For all of Strauss’s unattractive habits of coming to terms with political regimes, from Wilhelm II to Hitler, his capacity for turning irony and
humor on himself as well as others reflected his thoroughgoing skepticism
of religion and modern politics, fueled by a close reading not only of
Nietzsche, but of Goethe and Cervantes. Taillefer, op. 52 (1903),
Bardengesang, op. 55 (1905), Austria, op. 78 (1929), and the Olympic
Hymn, op. 119 (1934), are each effective and finely crafted works for
chorus and orchestra written to curry favor in explicit cultural political
terms. The first two actually possess moments of magic in terms of the
material, the orchestration, and the operatic drama Strauss generates.
The last two sport a brazenly plain surface, but underneath, a sarcastic
detachment, even bittersweet parody, are audible. The music contains
subtle and not-so-subtle moments that undermine the banalities and
pieties of the texts. This all left Reger with one near competitor, one with
less talent and certainly a less attractive personality—Pfitzner, whose public
importance benefited from Reger’s premature death. But Pfitzner did not
pursue the studied historicist strategy Reger created for new music.

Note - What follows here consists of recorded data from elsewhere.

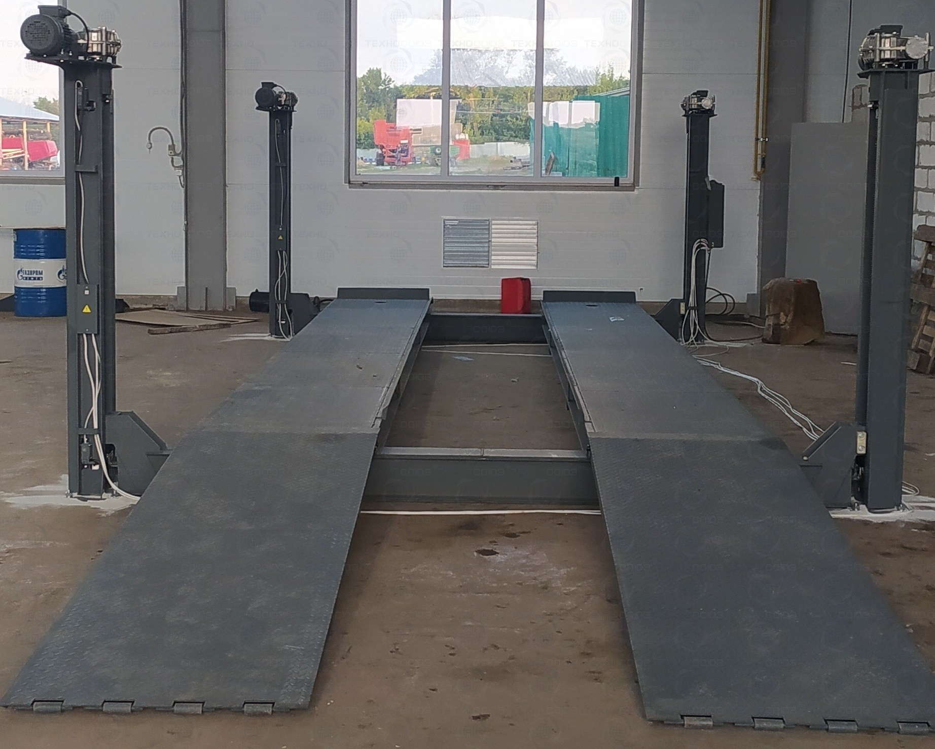 Описание конструкции подъемника платформенного четырехстоечного ПЛ-15:
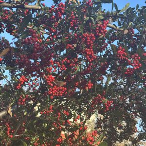 今日のお花"ピラカンサ'' いつもの散歩道に咲いていました🙋🏻♀️🎶 キダチダリアがまだきれいに 咲いていました♪
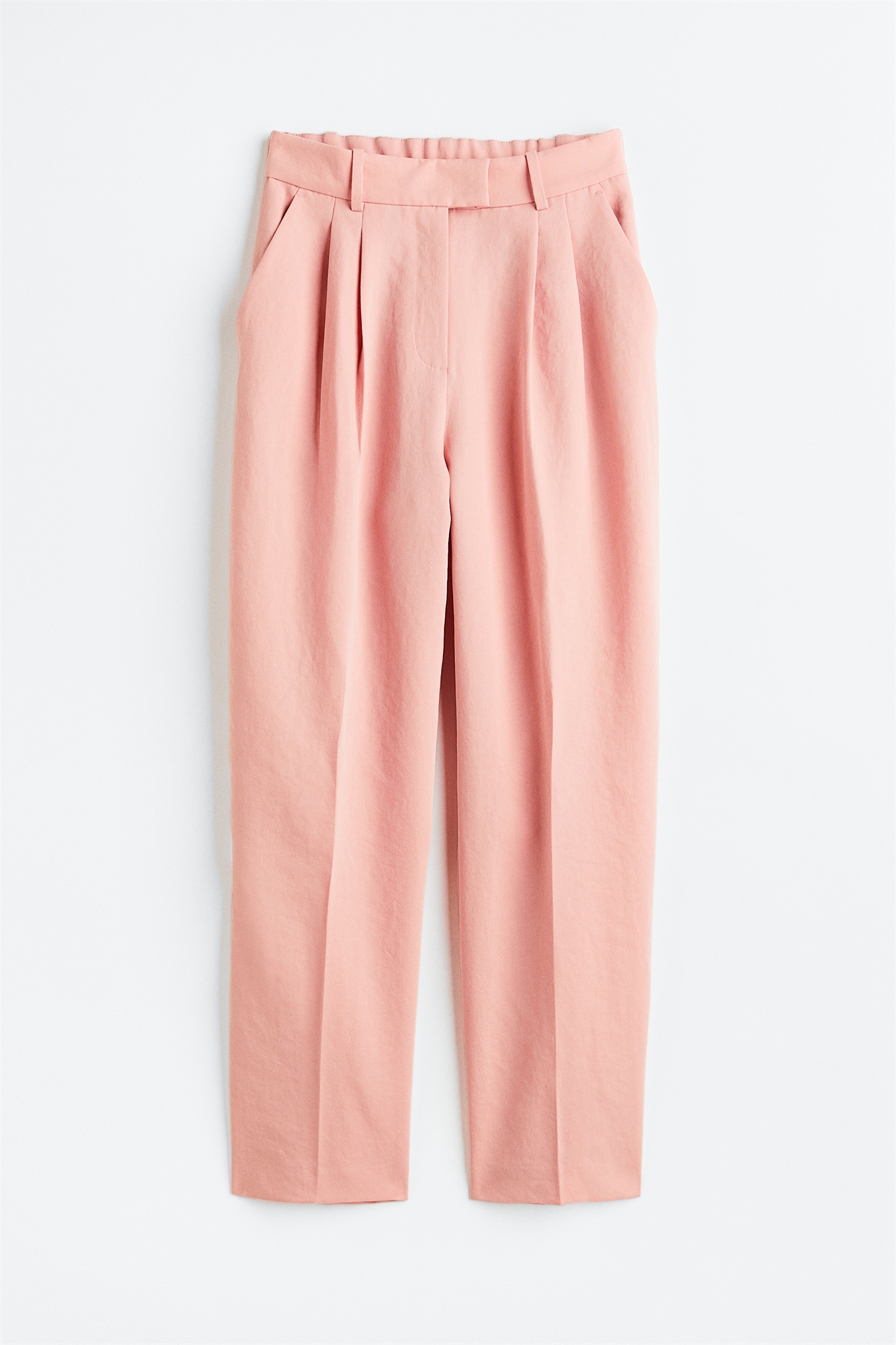 Брюки длиной до щиколотки из тканого материала. Высокая талия со складками спереди и закрытой резинкой сзади, ширинка на молнии с застежкой на крючки и глазки. Боковые карманы, втачные задние карманы и широкие, слегка зауженные ноги со складками.
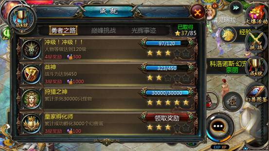 “勇者之路”的成就达成难度较低,比如之前提到的“狩猎之神”就是“勇者之路”分支下的成就之一。“勇者之路”下的每个成就都分为五个阶段,每完成1个阶段,该成就就点亮1星,同时进度条也会变成领取奖励按钮,点击它可以使你获得成就中所描述的该星成就奖励:比如图中的狩猎之神1星奖励就是10点绑定魔石。
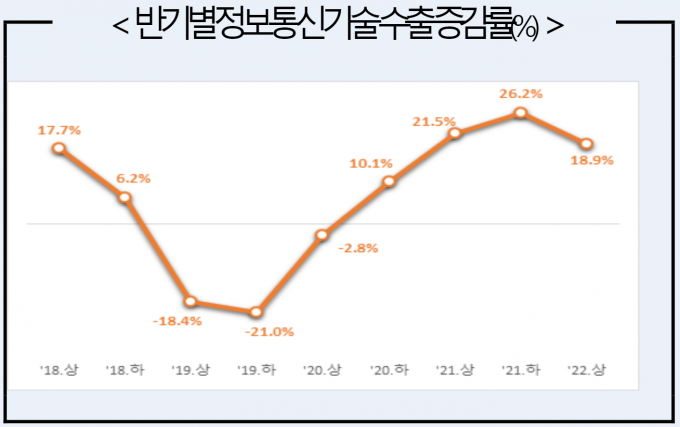 전체 산업 무역수지 적자폭 줄이는 데도 기여 정보통신기술(ICT) 수출이 전년 동기 대비 18.9% 증가한 1225.5억 달러를 달성하며 1996년 이후 상반기 기준 역대 최대 실적을 달성했다. 전체 산업의 상반기 수출액 3503억 달러 중에서는 35%를 점했다.
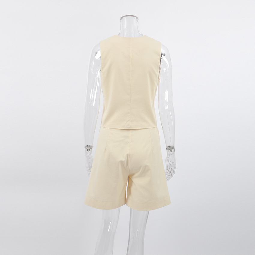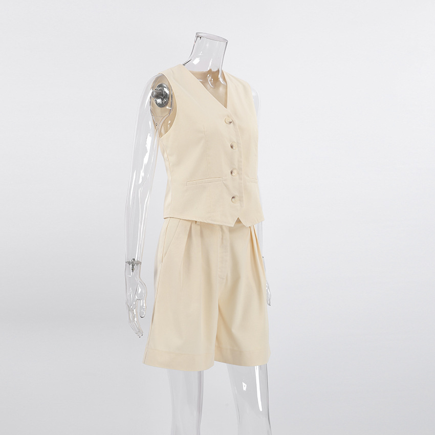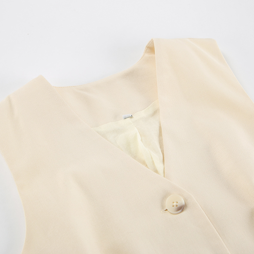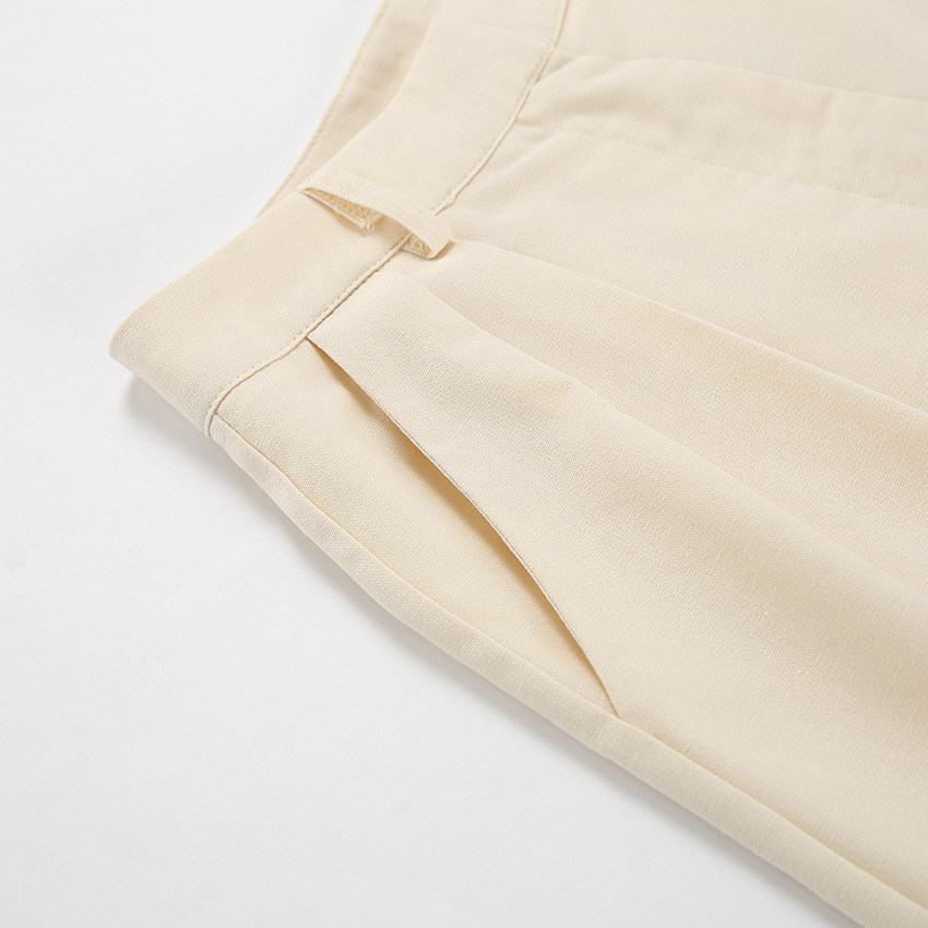 Beige Cotton Linen Sleeveless Vest Waistcoat Suit Summer Loose Breathable Women Clothing Two Piece Suit

A provocative and useful guide to the spirit of the era in which
Reger came of age and made his career is the unfairly neglected novel
published in 1919 by Heinrich Mann, Der Untertan. The novel centers
around Diederich Hessling, who, as his name might suggest, is a complex
but repulsive middle-class child of his age. Lacking in principle, discipline,
probity, or any other virtue, he achieves a position of power in his community through the ruthless but hypocritical assertion of those virtues. He
becomes the advocate of reactionary political values particularly deferential to the Wilhelmine monarchy and cast in a rhetoric based in a xenophobic fear of cultural and moral degeneration. Hessling is a disturbing
620 The Musical Quarterly
figure—at least for contemporary American readers. He sounds all too
much like today’s conservative Republican ideologues. Hessling reads like
a provincial Tom DeLay or Karl Rove, politically ambitious and equally
dangerous but not nearly as clever. He is nonetheless entirely plausible
and no caricature, which is what makes him so frightening.

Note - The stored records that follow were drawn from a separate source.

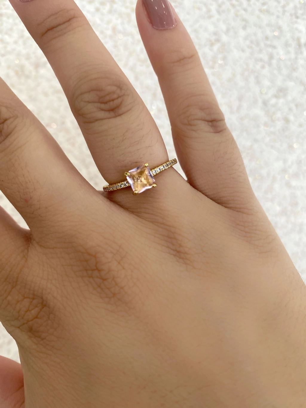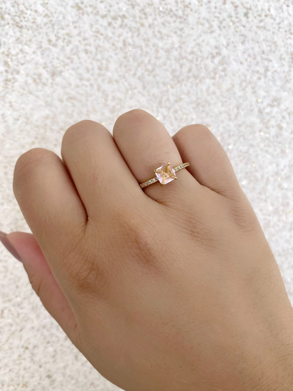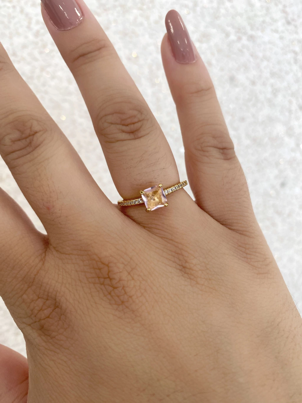 Anel Solitário Coração Rosa com Microzircônias - Banhado a Ouro
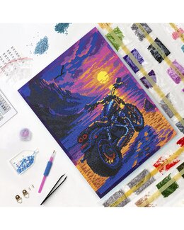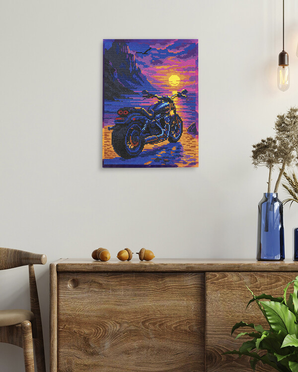 Draamaattinen diamond painting -aihe, joka rakentuu esiin kivi kiveltä.
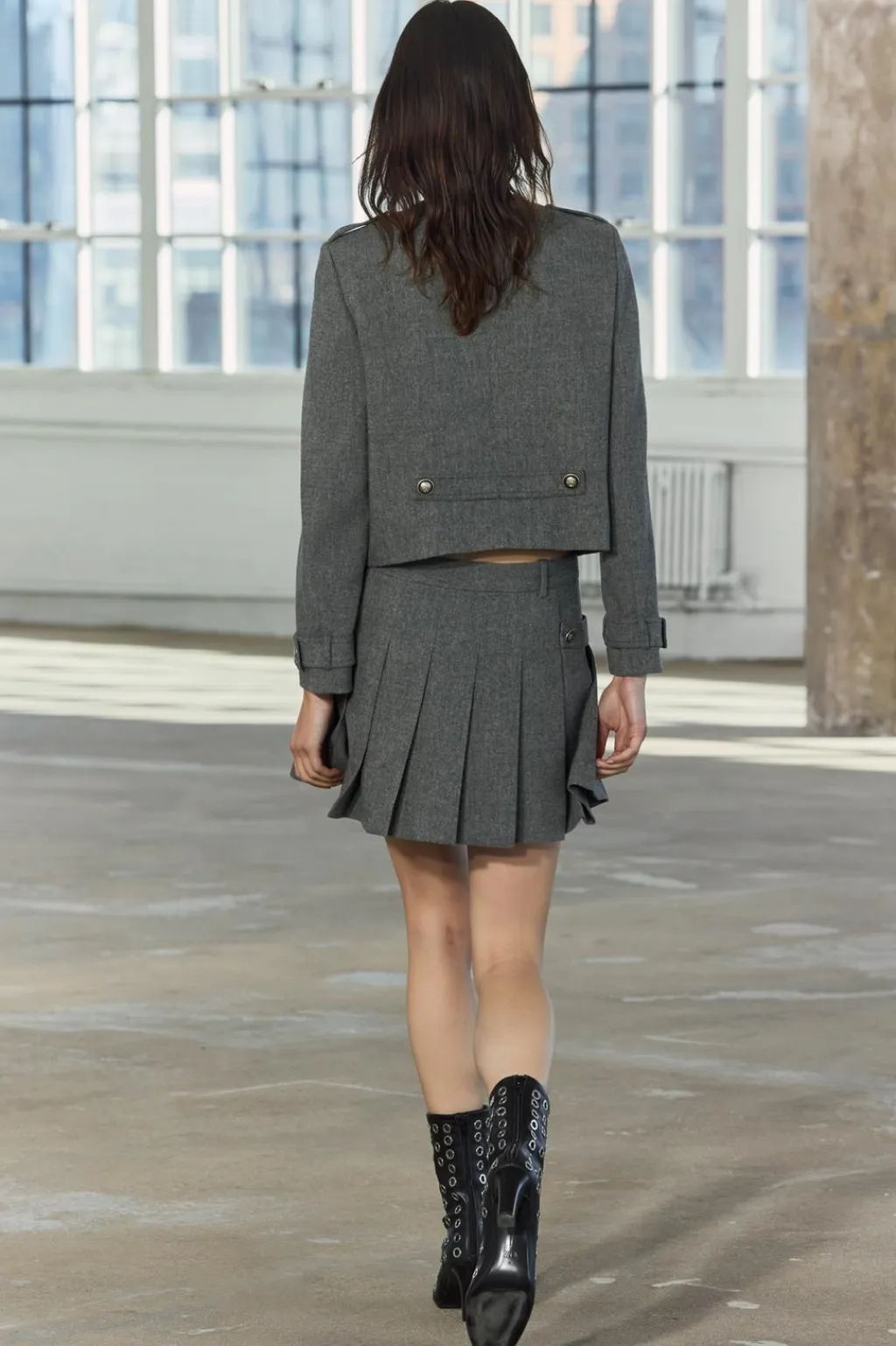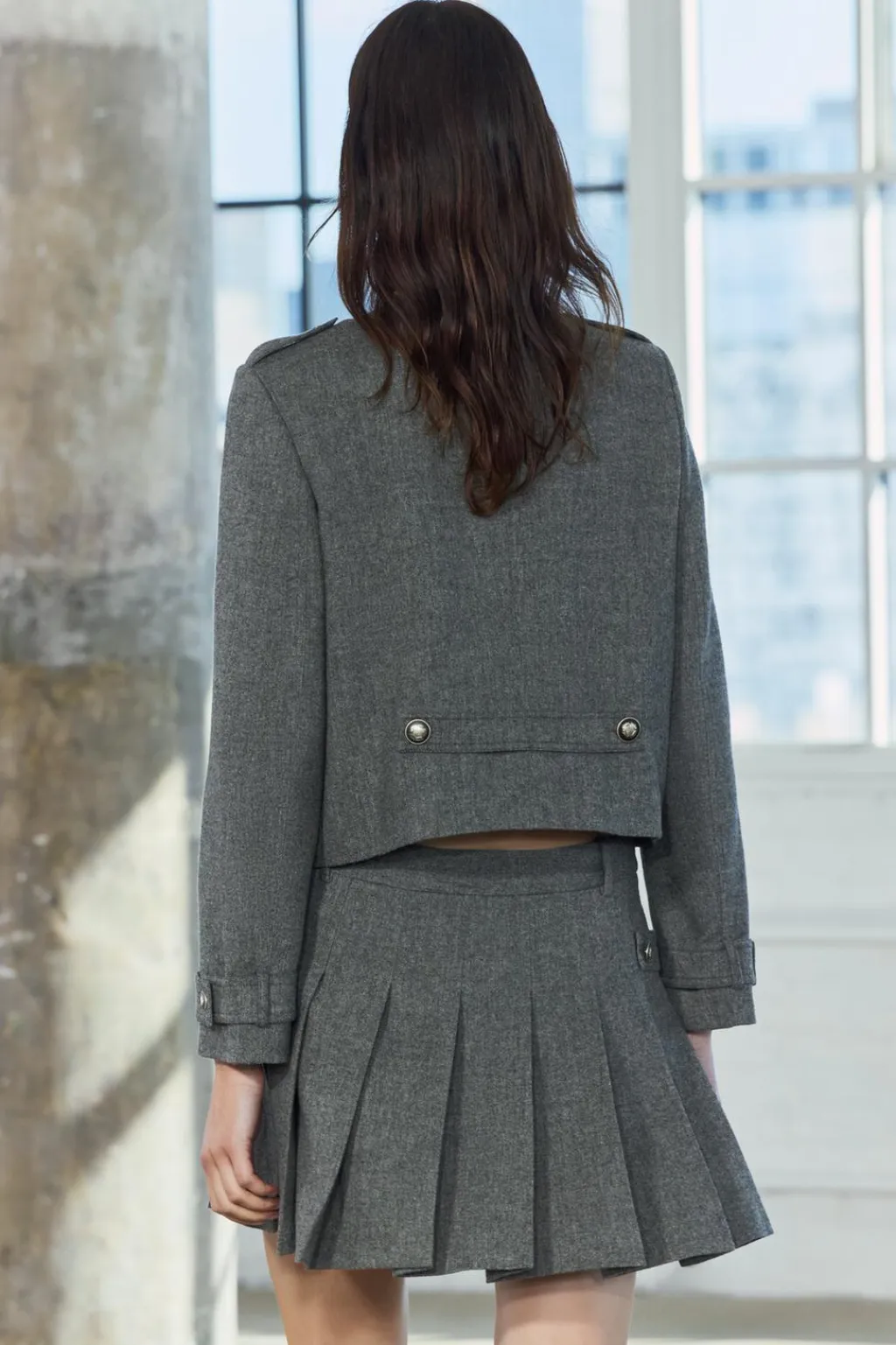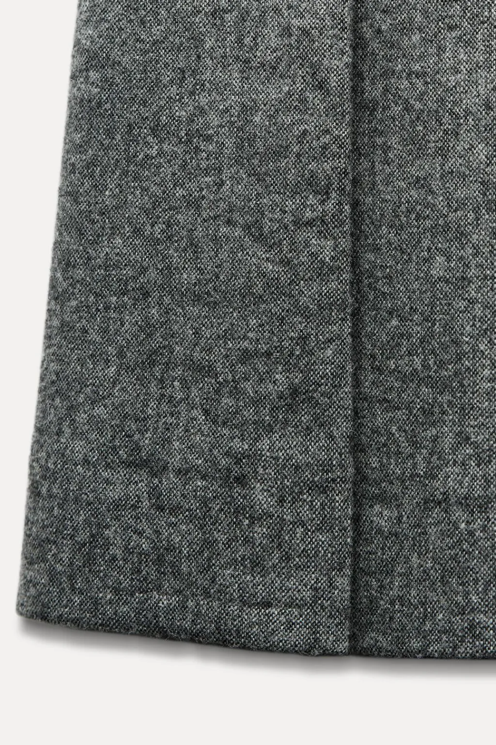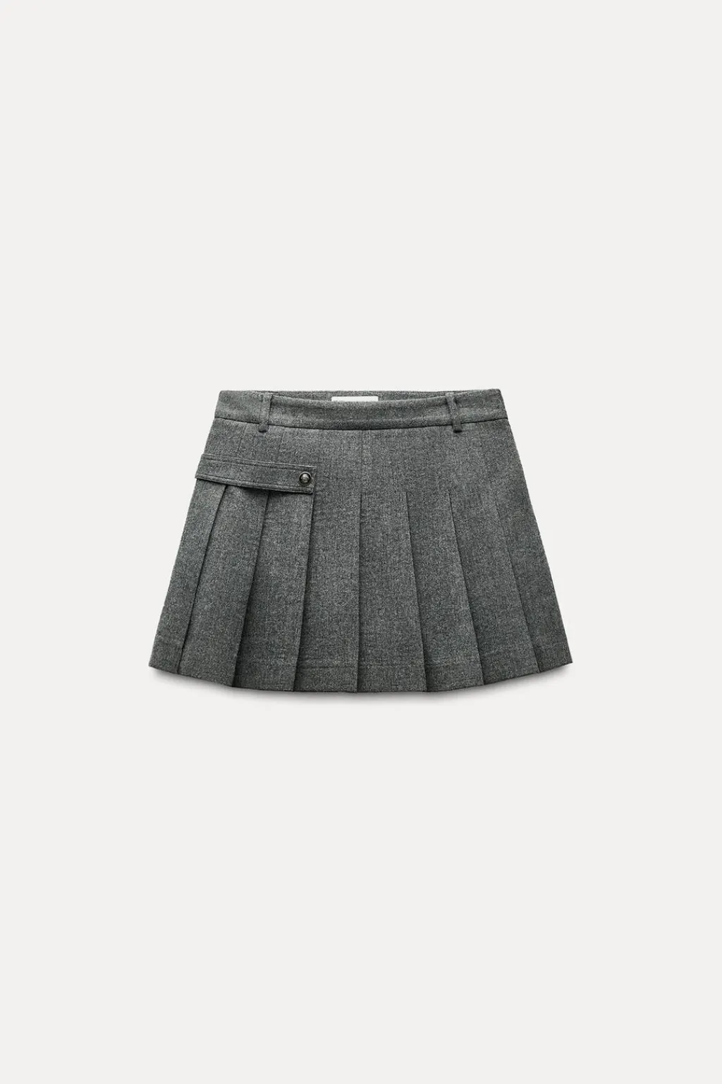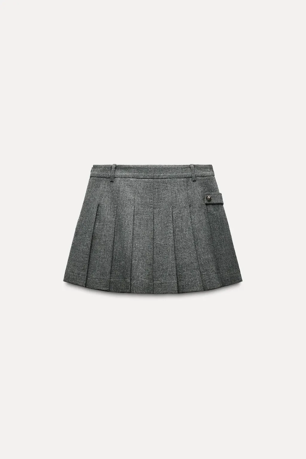 Falda corta confeccionada en hilatura con lana. Tiro medio y cintura con trabillas. Detalle de tira en mismo tejido con botón metálico en relieve.Bajo acabado en tablas. Cierre lateral con cremallera oculta en costura.

Hessling is slavishly deferential to the emperor, Wilhelm II, and to
the idea of military power, order, authority, aristocracy, and national superiority. Yet he is also a coward. His nationalism takes its form not through
mere anti-liberal reaction, but through the embrace of a modernity that
celebrates struggle, sacrifice, and international commercial and military
competition. Hessling is aroused by patriotism, industrial progress, and the
creation of a German naval presence, in the spirit of Admiral Tirpitz,
designed to challenge England. The villains in Hessling’s world are the
older washed-out national liberals of the 1848 generation, aesthetes (with
their weakness for cosmopolitan culture), Jews, and socialists.

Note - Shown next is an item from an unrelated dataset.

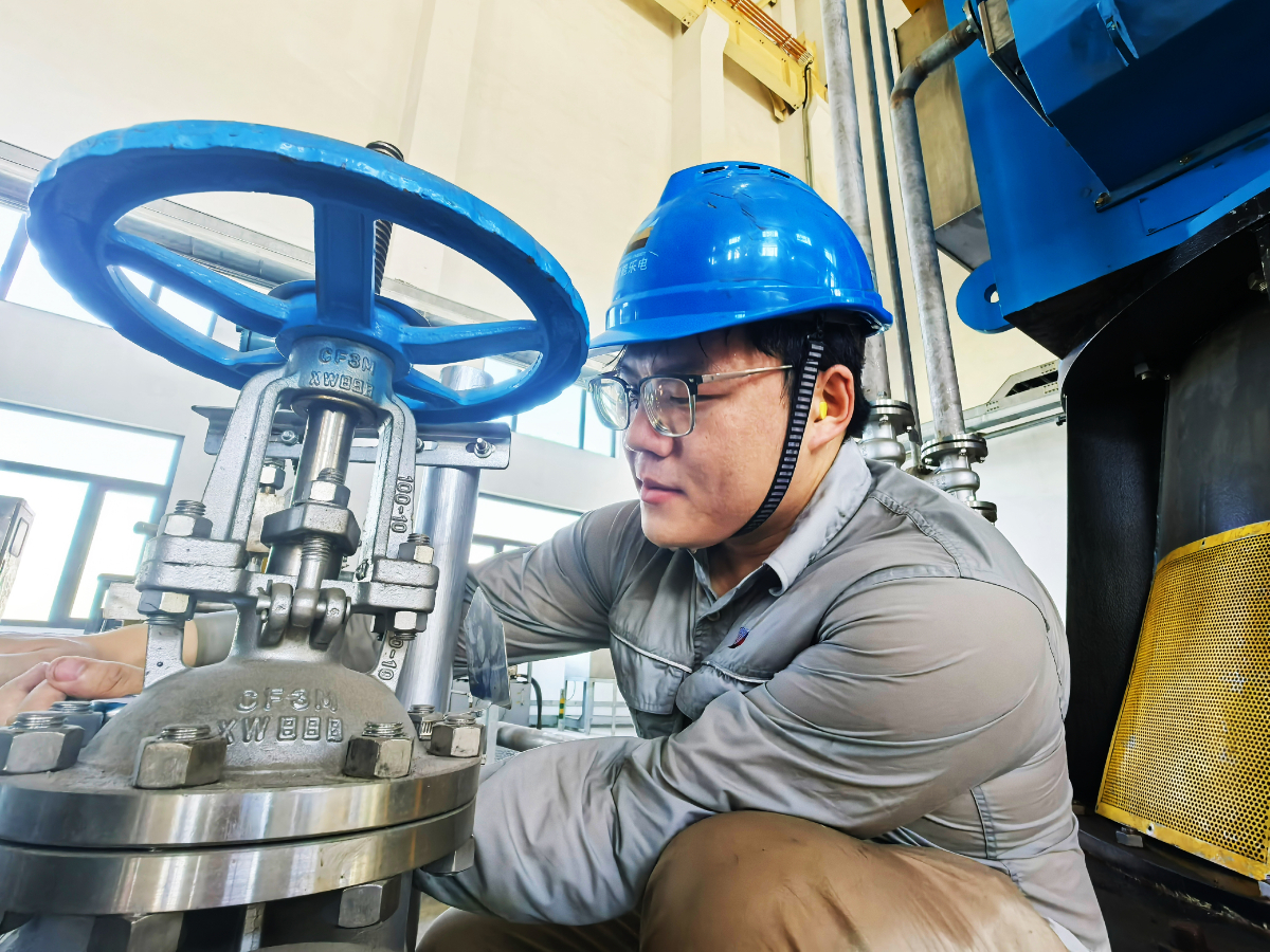 樂電汽機班張皓杰在循泵房開展閥門檢修作業。 陳清瑜 攝

The art that such enthusiastic subjects of Wilhelmine Germany
delight in is, in Mann’s account, grandiose, affirmative, and kitsch,
unmarked by grace, craft, or a notion of the avant-garde; the pervasive fear
is that German sensibilities might be corrupted by French, English, Slavic,
or American trends. The monuments and architecture of the era are historicist, but on an industrial and aggressive scale. Tradition is explicitly
celebrated, but transfigured by the demands of modernity and the call to
national greatness. Fiction aside, an essentially philistine official culture
emanating from the imperial court and clique in Berlin did make itself felt,
particularly in literature and the visual arts, around 1900. It was sufficient
to drive the young Oscar Bluemner, who later became an important modernist American architect and artist (and who was briefly part of Alfred
Stieglitz’s circle), to emigrate from Germany.4 Bluemner, no doubt touched
by some degree of delusion, nonetheless explained his departure from
Germany in terms of a direct dispute with the emperor about art.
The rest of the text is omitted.